** Records to process follows **

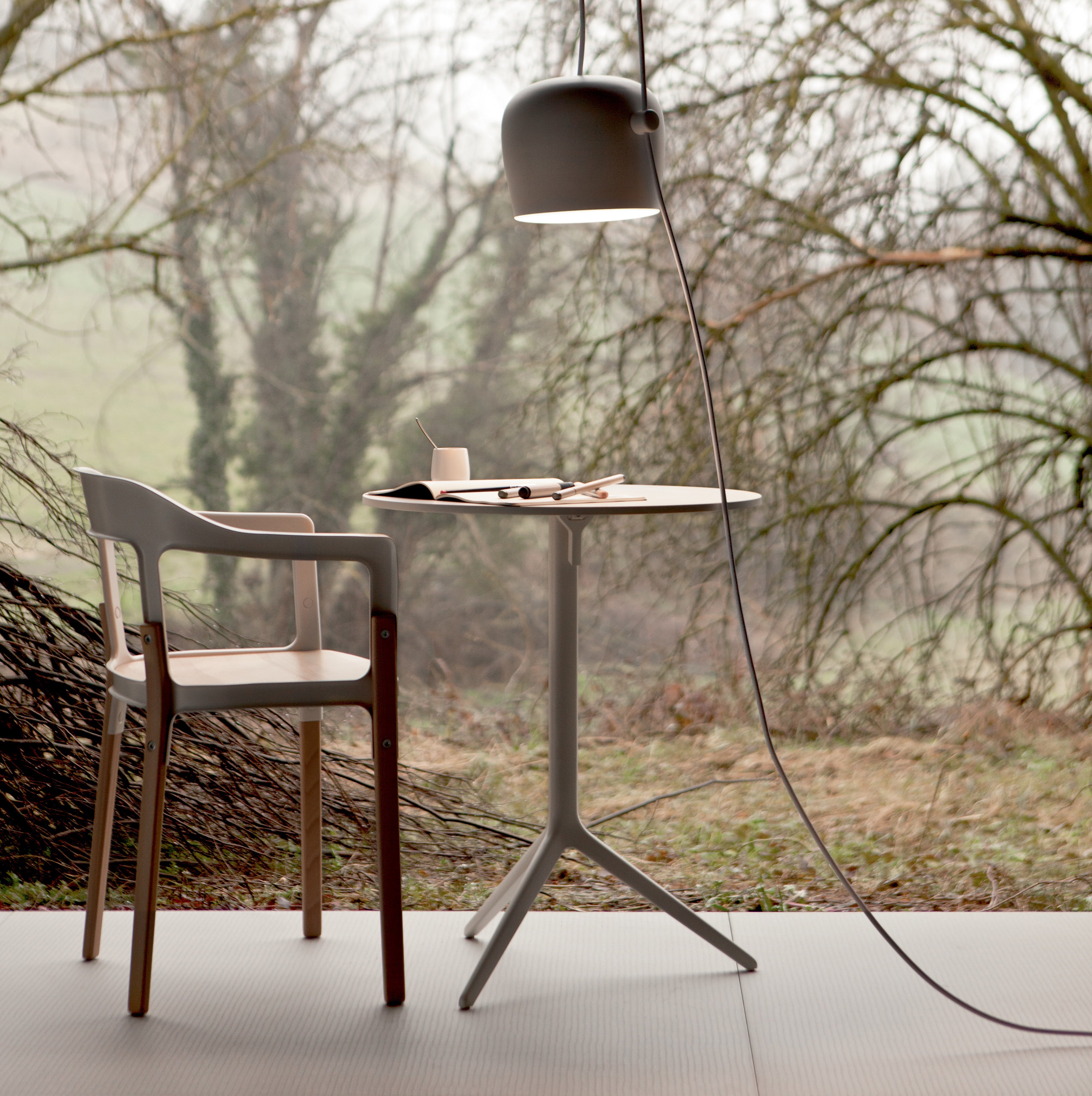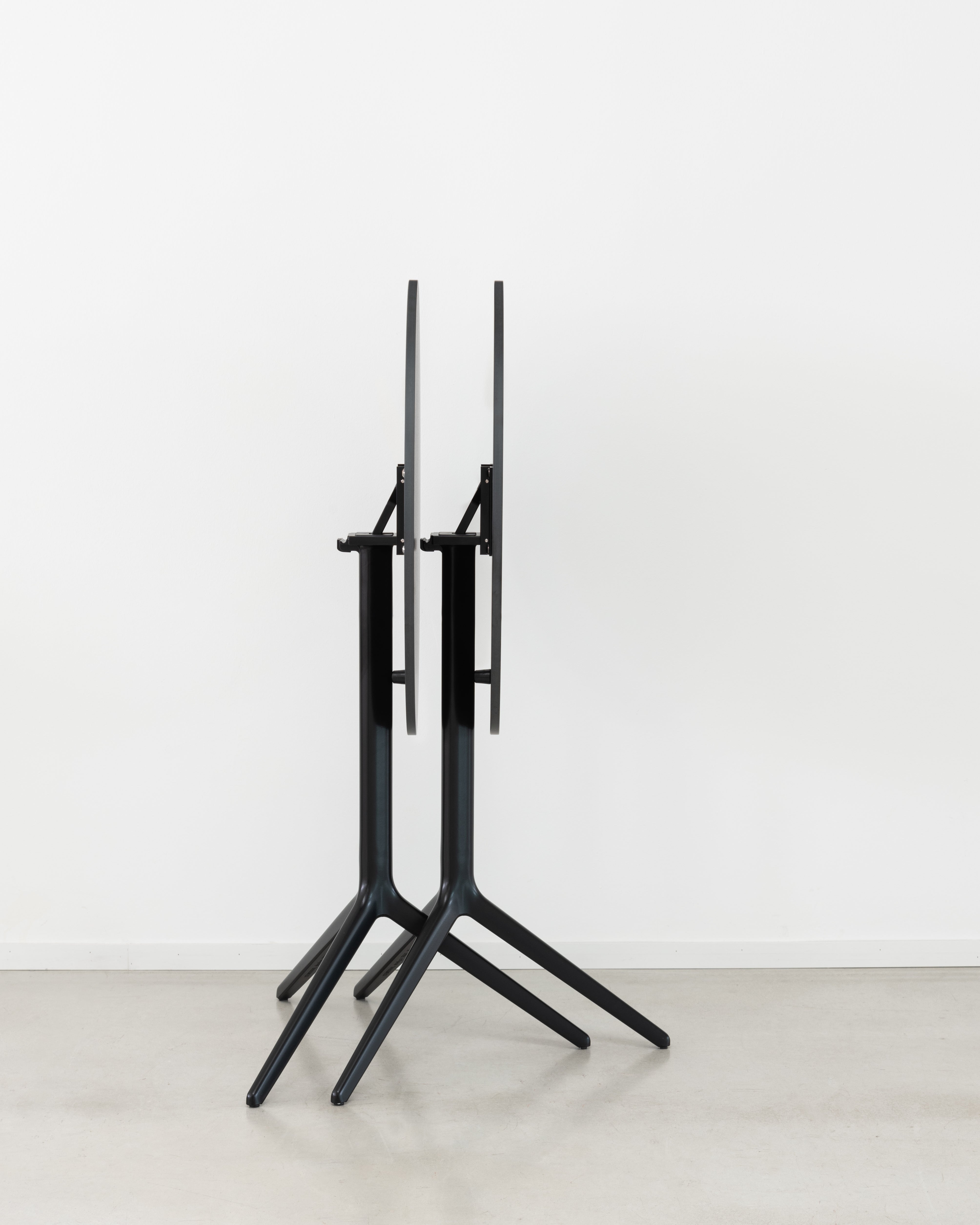 Der schlanke Aluminiumgussfuß und die runde Tischplatte bilden eine stimmige Einheit, deren wichtigstes Merkmal die Klappfunktion ist. Dank ihr eignet sich der Central Tisch hervorragend für kleinere Räume, Cafés oder Multifunktionsbereiche, in denen einfache Aufbewahrung und Mobilität wichtig sind – ohne Kompromisse bei der Ästhetik einzugehen.
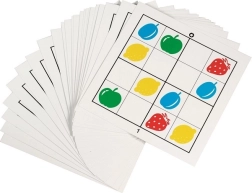 Kinder legen die Teile so, dass sich die Symbole in Reihen, Spalten und Quadranten nicht wiederholen – der ideale Einstieg in die Welt des Sudoku.
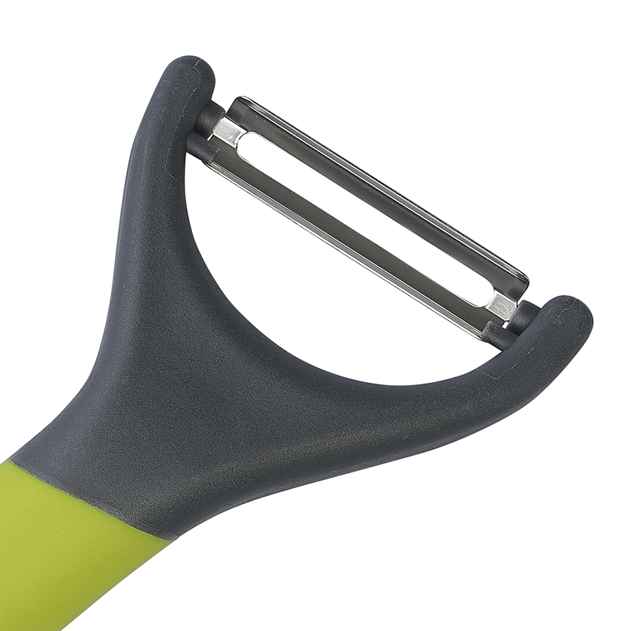 - Стальное лезвие обладает высокой прочностью и расположено под определенным углом для срезания кожуры оптимальной толщины.
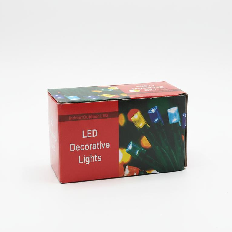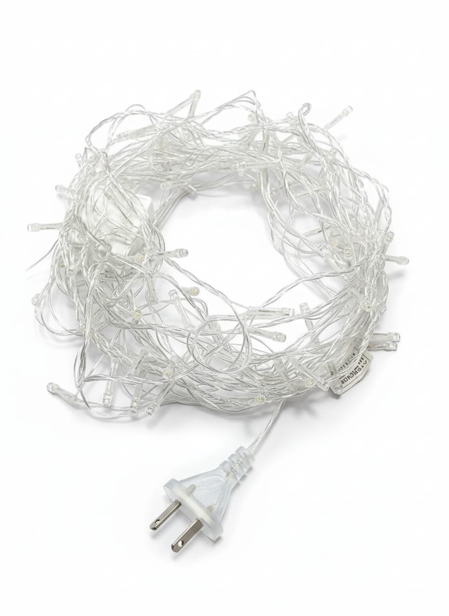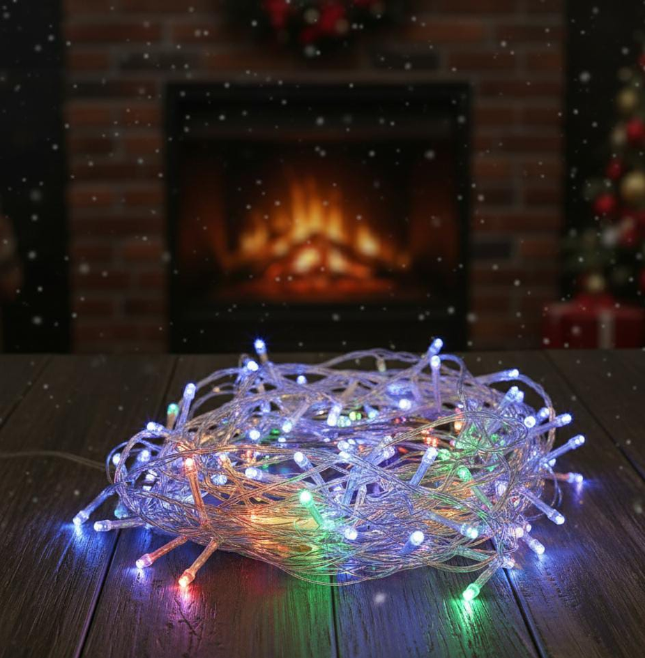 (Tira de 100 luces LED Multicolor, ideales para decorar, funciona enchufada, cuenta con alargue y botón para cambiar la intensidad de las luces.)
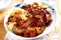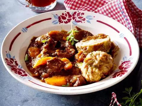 Peel, wash and slice the carrots diagonally. Ca. 1⁄3 set aside. Peel 3 onions, quarter them and cut into strips. Finely crush pimento in a mortar. Dab meat dry and cut into large cubes. Heat the oil in a roasting pan and fry the meat in it in portions all around. Fry carrots, onion strips and allspice briefly. Season with salt, pepper and 1 pinch of sugar. Add all the meat again. Add beer and 1⁄2 l water. Bring to the boil, cover and simmer for about 2 hours.
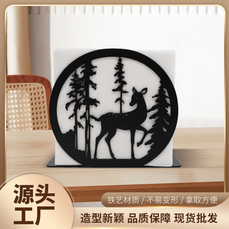 クリエイティブ鉄芸ティッシュ棚工業風デスクトップナプキン棚黒色鉄芸ニホンジカ縦型装飾ナプキン棚
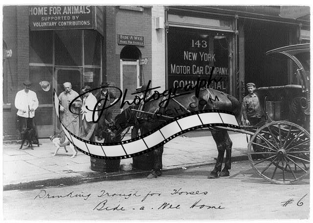 Bide-A-Wee Home for Animals,New York,N.Y.,horse drinking from trough,c1907,dogs
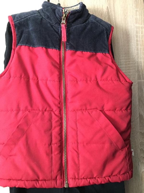 Утепленная жилетка заказана с официального сайта.Тепленькая, смотрится очень стильно. Цвет красный, вставки из вельвета черного цвета, внутри подкладочная ткань. Состав: жилет снаружи: 100% полиэстер с вельветовыми вставками; жилет внутри: 100% полиэстер флис; воротник: 100% искусственная овчина.
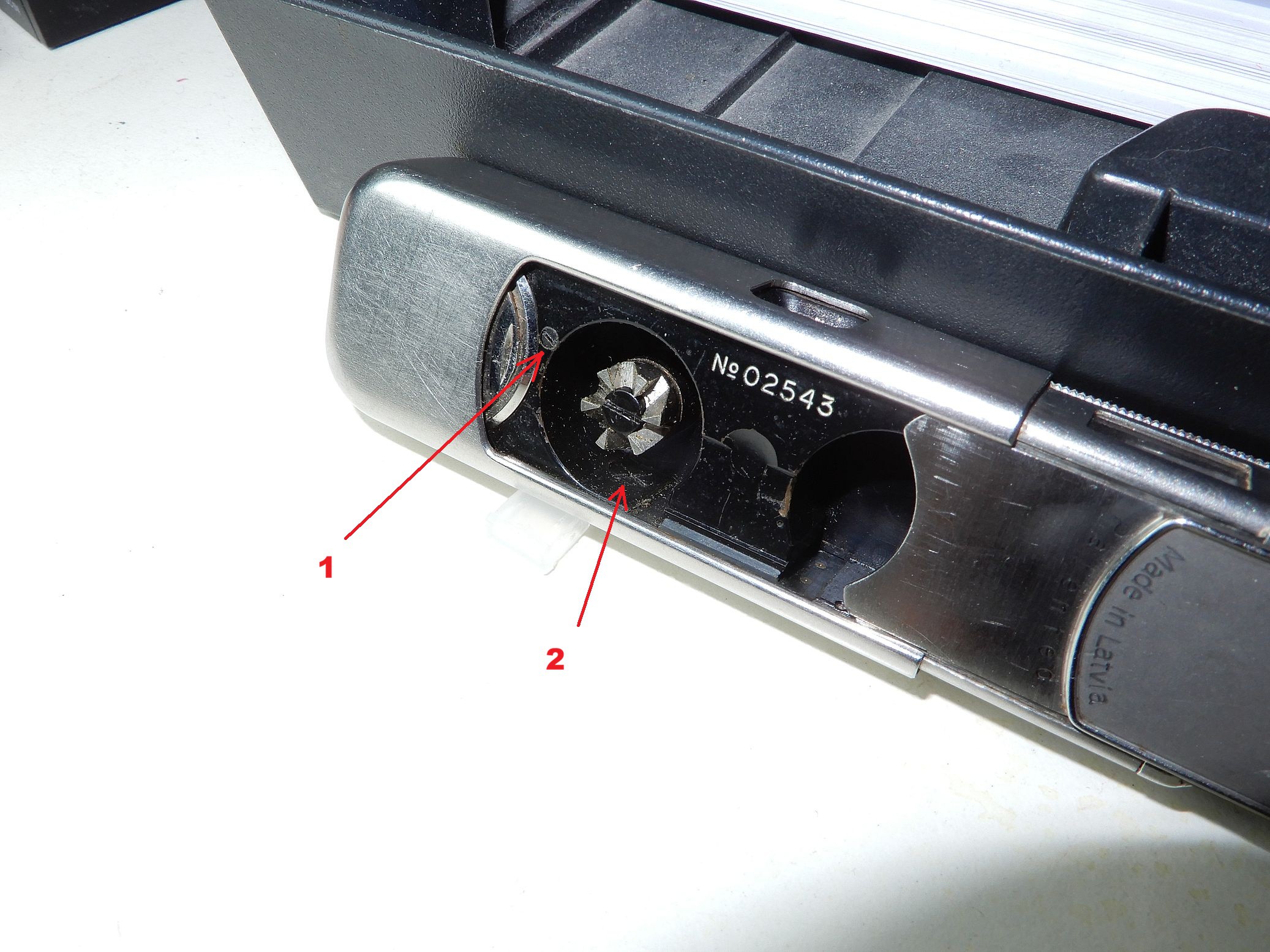 The problem I’m having — Mr. Fenner didn’t mention it because his Riga seems to be arrived to him disassembled — is that I’m somewhat unsure about the initial “opening” sequence because the two screws in the film compartment (picture “MinRig”) seem to be in different positions than those illustrated for the Minox “Germany” cameras like the “A” model of the other picture.
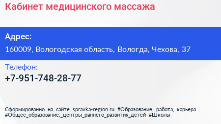 Кабинет медицинского массажа по адресу 160009, Вологодская область, Вологда, Чехова, 37 в дальнейшем Организация, размещена в следующих категориях:
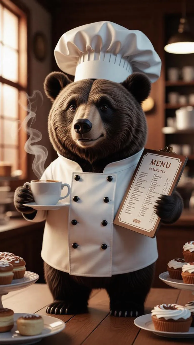 A 3D bear image wearing a chef's coat and hat, standing upright on two legs like a human, holding a steaming coffee cup and a menu board, surrounded by a cozy café with pastries on display, exuding a warm and welcoming atmosphere.
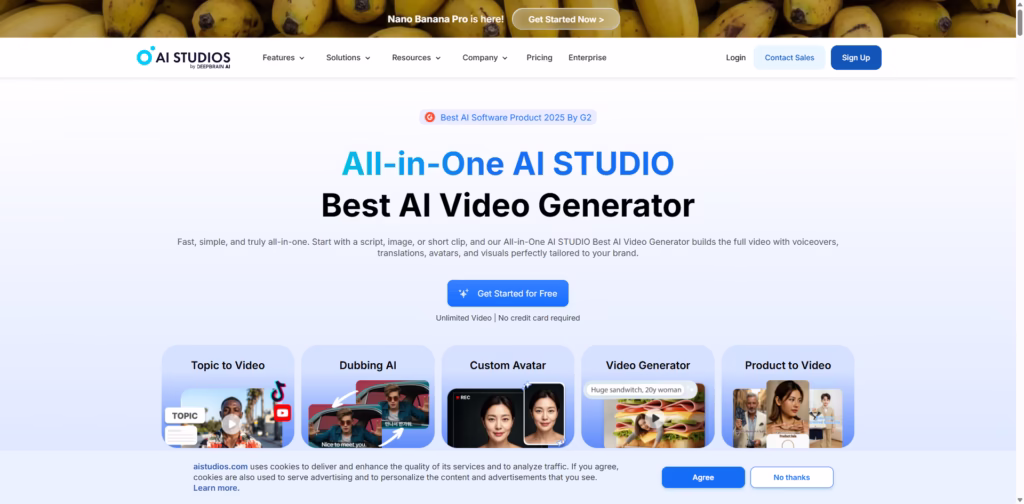 AI Studios lives up to its “all-in-one” promise. It combines AI avatars, video generation, dubbing, editing, and collaboration into a single studio that actually simplifies video creation instead of adding more tools.
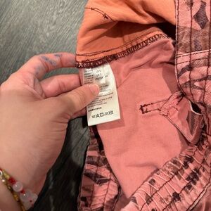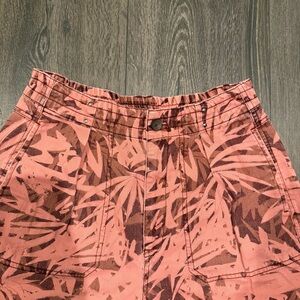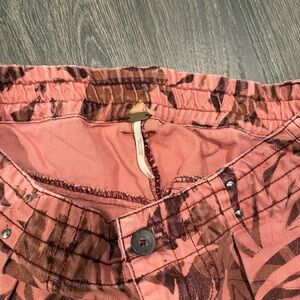 Statement utility-style shorts from Free People featuring an allover tropical leaf print in warm coral and brown tones. Designed with a structured high-rise fit, front patch pockets, and a relaxed silhouette that’s easy to style for summer.
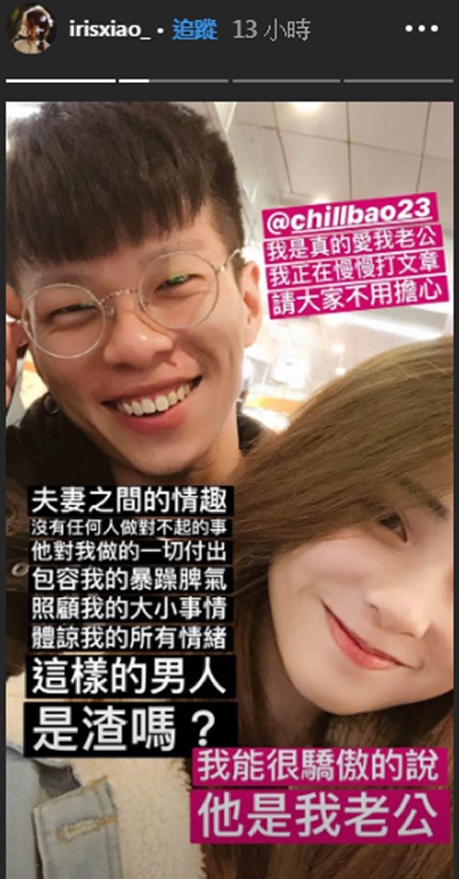 有网友在PTT八卦板爆料,表示闪亮亮和黄包包虽然才交往半年,但其实早就已经登记结婚,老早就是夫妻关系,此外对照闪亮亮力挺黄包包的PO文,只见她写道:「都是夫妻间的情趣,没有任何人做对不起的事」,接着更大方像外界宣告:「我能很骄傲的说他是我老公」,字句中提到「夫妻」、「老公」等关键字,也让两人的关系更让外界好奇。
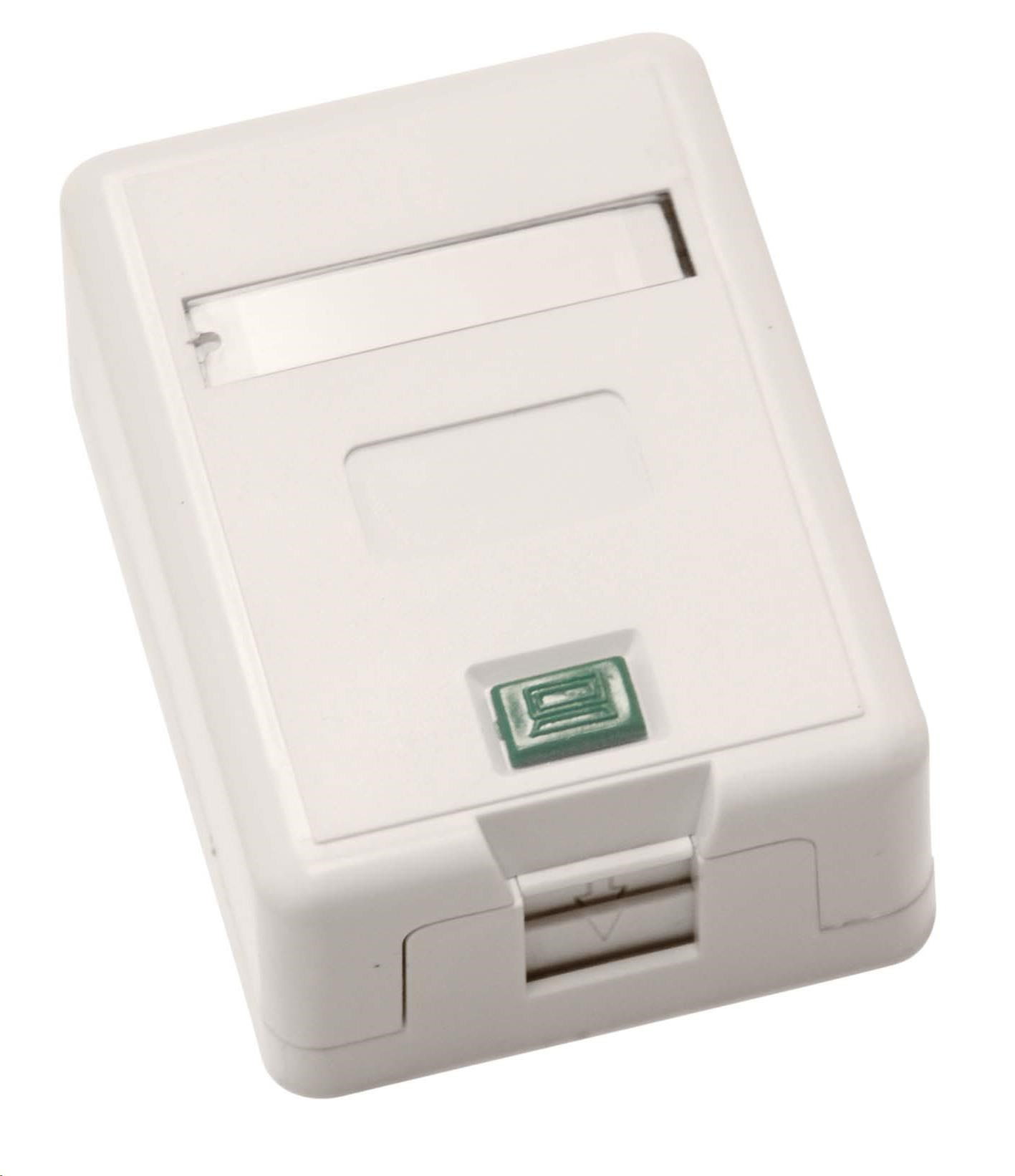 Zásuvka neosazená 1x RJ45 Pružinová dvířka zabrání zaprášení kontaktů keystonu Provedení: na omítku.

** End of Records to process **

Aim of the task →
What you write must match the listing exactly, from the line with "Kinder legen die" up to and including the line with "- Стальное лезвие". Pictures stay out.

Response area →
 Kinder legen die Teile so, dass sich die Symbole in Reihen, Spalten und Quadranten nicht wiederholen – der ideale Einstieg in die Welt des Sudoku.
 - Стальное лезвие обладает высокой прочностью и расположено под определенным углом для срезания кожуры оптимальной толщины.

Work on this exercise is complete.